Pro: A commission-based sales force can nitro boost a new company’s sales. When a business is just starting out and doesn’t have much structure in place, a motivated commission salesforce can be an effective way to pump up your revenue stream while you focus on other critical aspects of growing the company. Also, top paying commission sales jobs can attract serious performers who might not otherwise give a small company a second look.
Con: A commission-based sales force can damage morale. There are any number of reasons why one sales person could close more deals than another, not all related to skill or work ethic. For example, your business might offer asymmetrical opportunities based on the geography of sales territories, sparking jealousy or infighting among your team. “Managing all that becomes much more difficult as an organization matures,” says Torgersen.
Pro: A commission-based sales force can lock in your costs. With commission sales positions, you know exactly how much money from every sale you can plow back into your business. “It’s very predictable in terms of compensation cost of sales as a percent of revenue,” Torgersen says. That makes it easier to plan your growth.
Con: A commission-based sales force can limit your sales team. Your sales team won’t want to do anything but sell. Sometimes it makes sense for your people to help with training or participate in other aspects of the company, but if they are in purely commission-based sales positions, they lose money if they aren’t selling all the time.
“It becomes more difficult with commission for leadership and management to push sales people toward strategic things that they want within the organization,” says Torgersen.
Pro: A commission-based sales force can save money on underperformers.
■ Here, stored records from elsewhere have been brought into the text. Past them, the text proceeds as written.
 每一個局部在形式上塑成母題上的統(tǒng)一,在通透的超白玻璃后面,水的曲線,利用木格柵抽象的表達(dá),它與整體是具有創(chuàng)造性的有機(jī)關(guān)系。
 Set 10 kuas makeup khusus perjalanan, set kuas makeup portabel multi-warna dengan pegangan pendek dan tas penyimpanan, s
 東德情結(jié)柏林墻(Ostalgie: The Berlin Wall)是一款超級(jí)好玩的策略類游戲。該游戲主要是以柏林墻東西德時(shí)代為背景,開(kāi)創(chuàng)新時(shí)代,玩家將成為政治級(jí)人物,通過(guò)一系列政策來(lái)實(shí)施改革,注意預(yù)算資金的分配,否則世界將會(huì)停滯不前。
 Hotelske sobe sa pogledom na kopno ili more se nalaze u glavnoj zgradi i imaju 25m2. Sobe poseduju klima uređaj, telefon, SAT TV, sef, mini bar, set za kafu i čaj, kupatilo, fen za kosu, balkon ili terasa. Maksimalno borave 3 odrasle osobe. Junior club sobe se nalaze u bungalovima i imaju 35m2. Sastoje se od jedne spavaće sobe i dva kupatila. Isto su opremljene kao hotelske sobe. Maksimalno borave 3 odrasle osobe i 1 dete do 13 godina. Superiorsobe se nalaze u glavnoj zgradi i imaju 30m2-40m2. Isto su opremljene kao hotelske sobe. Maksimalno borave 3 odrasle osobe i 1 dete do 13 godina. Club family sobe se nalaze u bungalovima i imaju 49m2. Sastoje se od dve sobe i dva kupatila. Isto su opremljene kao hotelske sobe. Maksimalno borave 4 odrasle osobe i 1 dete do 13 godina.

If someone isn’t getting the job done, your company doesn’t have as much to lose. The concept of selling on commission is beautiful in its simplicity. “Here’s your percentage, go at it,” Torgersen says. There’s little to administer or manage, it’s easy for the team to understand, and you only pay when the sales force closes a deal.
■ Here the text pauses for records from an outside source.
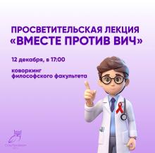 ![]() 12 декабря 2025 года в коворкинге философского факультета в 17:00 пройдет просветительская лекция «Вместе против ВИЧ». |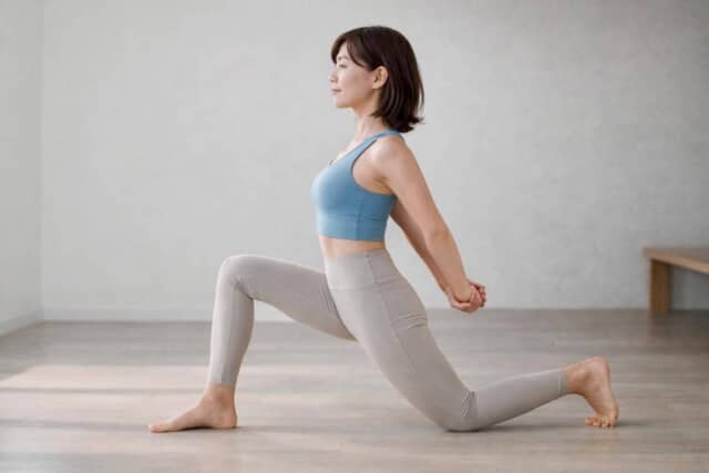 片脚のひざを床につき、もう片脚を前に出してひざを立てます。両ひざはそれぞれ直角に。骨盤を立て、背筋を上へ伸ばし、両手を体の後ろで軽く組みましょう。肩は力を抜いて下げておきます。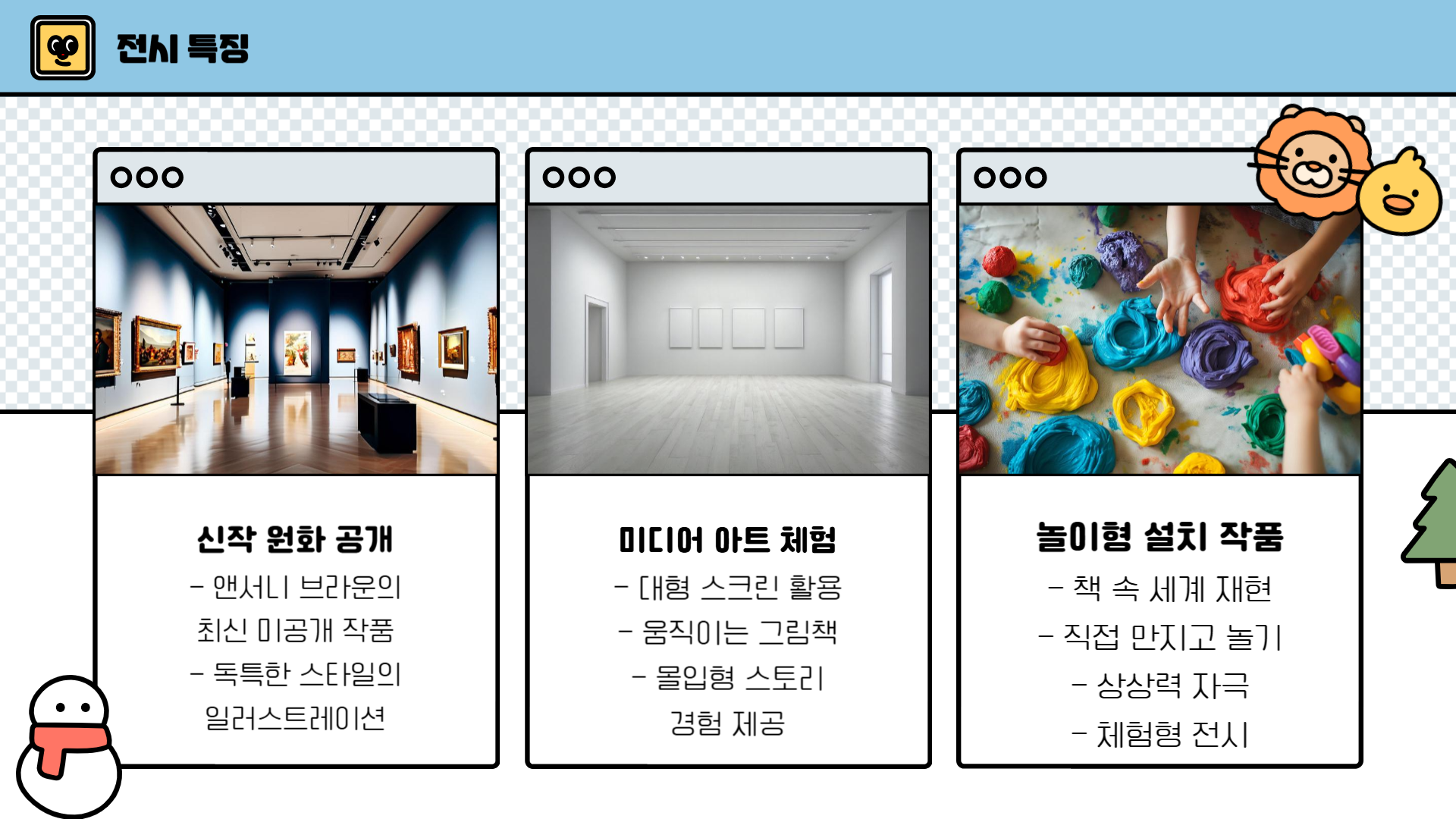 이번 2025 앤서니 브라운 전시회는 단순한 회화 감상이 아닌 새로운 형태의 몰입형 체험으로 구성되어 있습니다. 예술의전당 한가람미술관에서 열리는 본 전시는 기존 그림책 속 캐릭터를 현대적인 시선으로 재해석한 작품들을 포함하여 미디어 아트, 영상 콘텐츠, 설치 예술까지 더해진 다채로운 콘텐츠로 구성되어 있습니다. 특히, 이번에는 앤서니 브라운의 미공개 최신 원화가 최초로 공개될 예정이어서 팬들의 기대를 한껏 높이고 있습니다.

Con: A commission-based sales force can put long-term customer relationships at risk. With a commission-based sales force, the relationship with the customer rests with the sales person. “Leadership really wants relationships and loyalty to be with the company overall or with the product,” Torgersen says. That way if the salesperson leaves, the company can continue to sell to the client. Salespeople who aren’t on commission are more likely to be cooperative about sharing customer information because they don’t risk losing compensation.
Torgersen points out that business owners have more options to offer beyond a straight salary or commission comp plan. For example, hybrid plans can provide a certain amount of extra compensation for hitting a targeted level of sales, so managers can tier higher payouts to star performers.
Overall, the key is to incentivize your sales force. Find the compensation plan that gets the most from your team and adds the most value to your business’s long-term success.